Maya Angelou once advised us: When someone shows you who they are, believe them. In the case of Lululemon, the signs are crystal clear.
The upscale athleisure brand, which gained popularity in the early 2000s among yoga enthusiasts, has been associated with more negative publicity than positive. Even its name has a troubling racist origin: In a 2004 interview with National Post Business Magazine, Lululemon founder and former CEO Chip Wilson revealed that the name was chosen based on a racial stereotype towards people of Japanese descent struggling to pronounce English words containing the letter “L”.
Despite backlash, Wilson did not shy away from making controversial remarks, including comments about women’s bodies that led to his resignation as CEO in 2013. His dismissive attitude towards criticism of the quality of the fabric used in Lululemon products only exacerbated the brand’s already tarnished reputation.

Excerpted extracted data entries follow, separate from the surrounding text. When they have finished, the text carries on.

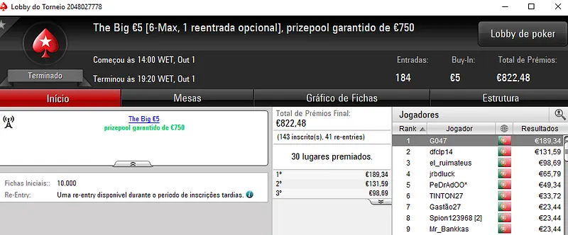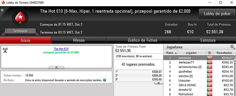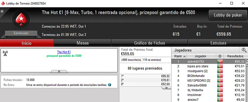 A medalha de ouro desse prémios vai para Bispoland que venceu o The Hot BigStack Turbo €50 com 189 jogadores. Os €8,567 acumulados foram distribuídos pelos 30 melhores classificados e com o título, Bispoland recebeu €1,970 de prémio. Já o segundo posto valeu €1,370 a ratito209, enquanto iDuckz levou para casa €1,028 no terceiro lugar.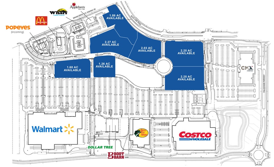 Terrain de 1,6 acre sur la voie Lagniappe devant Walmart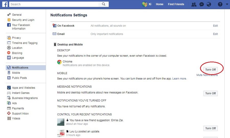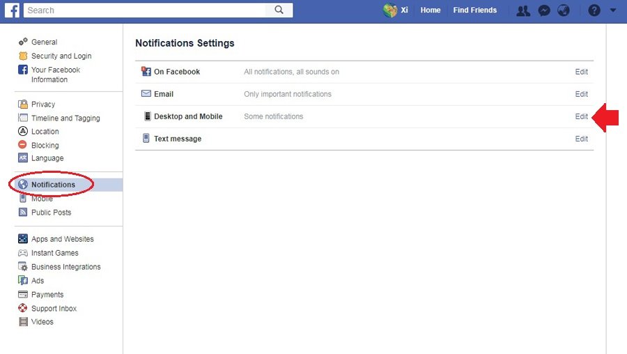 Để tắt thông báo Facebook ở góc màn hình máy tính theo dạng chạy ngầm, chúng ta chỉ cần vào Settings => Notifications rồi bấm Edit đối với mục Desktop and Mobile. Sau đó chúng ta bấm Turn Off với trình duyệt đang kích hoạt thông báo chạy ngầm.
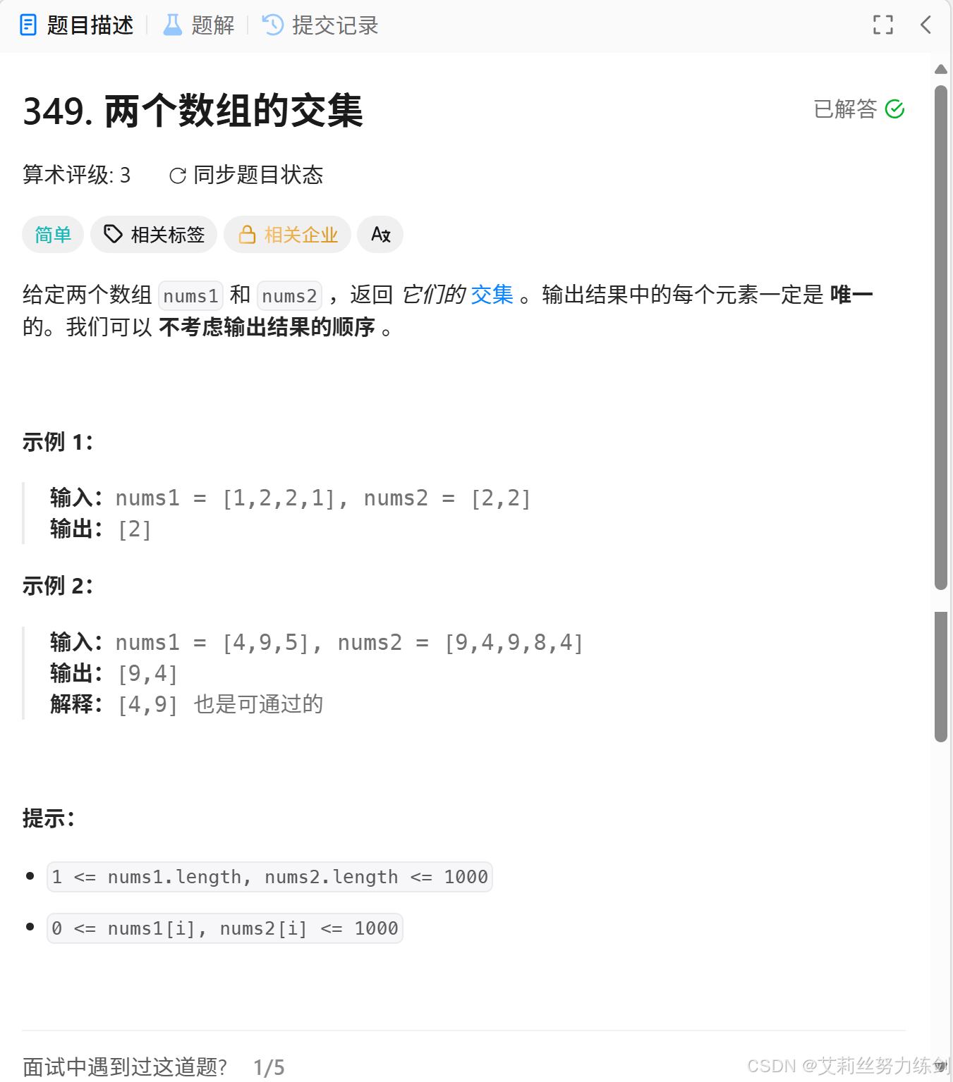 力扣题解链接:使用哈希数组解决【两个数组的交集的问题】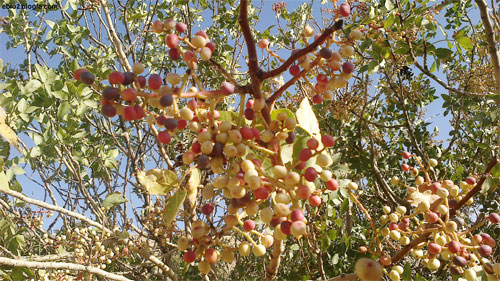 « و این اوست که از ابر باران میفرستد، با آن جوانه های انواع رستنیها را در میآوریم، و از جوانه ماده سبز را درمی آوریم، که با آن ماده سبز دانه های خوشه ای درست میکنیم، و از تاره های نـخل پَـنگهای خـوردنی درست می کنیم، و باغهای انگور و زیتون و انار که ترکیبات مشترک زیادی دارند ولی همانند نمائی نمی کنند را درست می کنیم».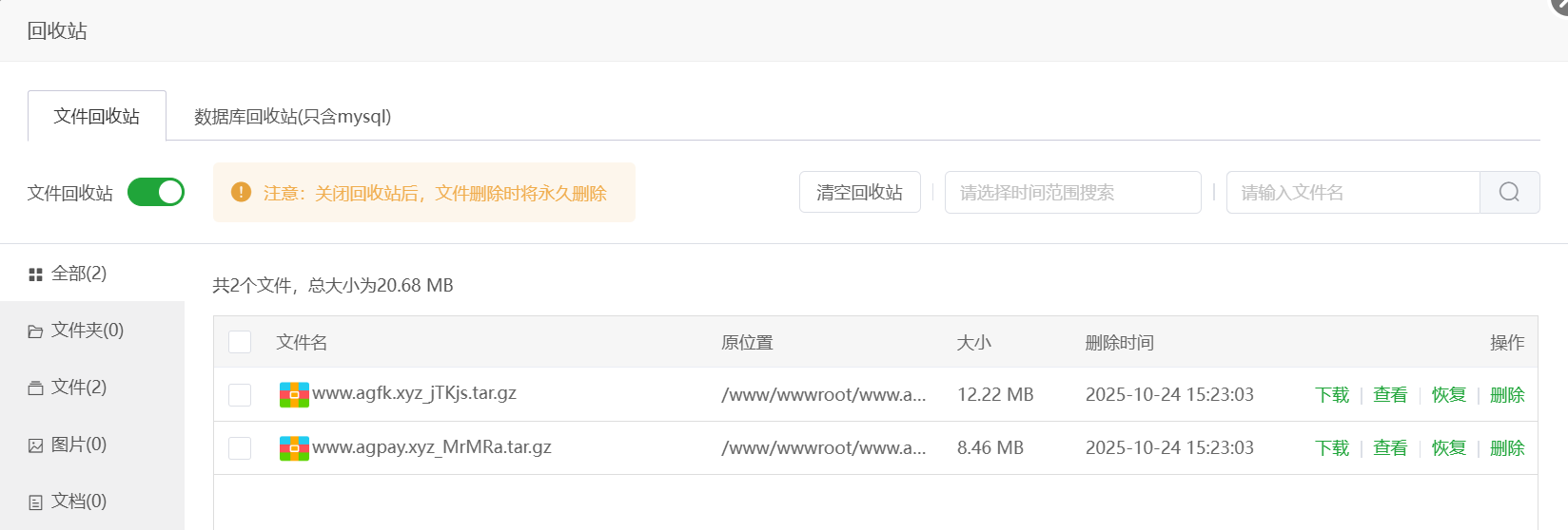 接下来就是一系列的恢复,首先是恢复网站

While Lululemon has attempted to distance itself from Wilson’s problematic statements and showcase a more inclusive image, recent reports suggest that the company’s efforts are superficial. Current and former employees have spoken out, alleging a discriminatory culture that excludes Black individuals.
In a recent interview with Forbes, Wilson expressed his resistance towards Lululemon’s current diversity and inclusion initiatives, emphasizing that the brand should not try to appeal to everyone but rather define its target audience.
Despite the brand’s attempts at damage control and disavowing Wilson’s remarks, the question remains: Why support a brand with such a problematic history that has failed to truly embrace Black consumers?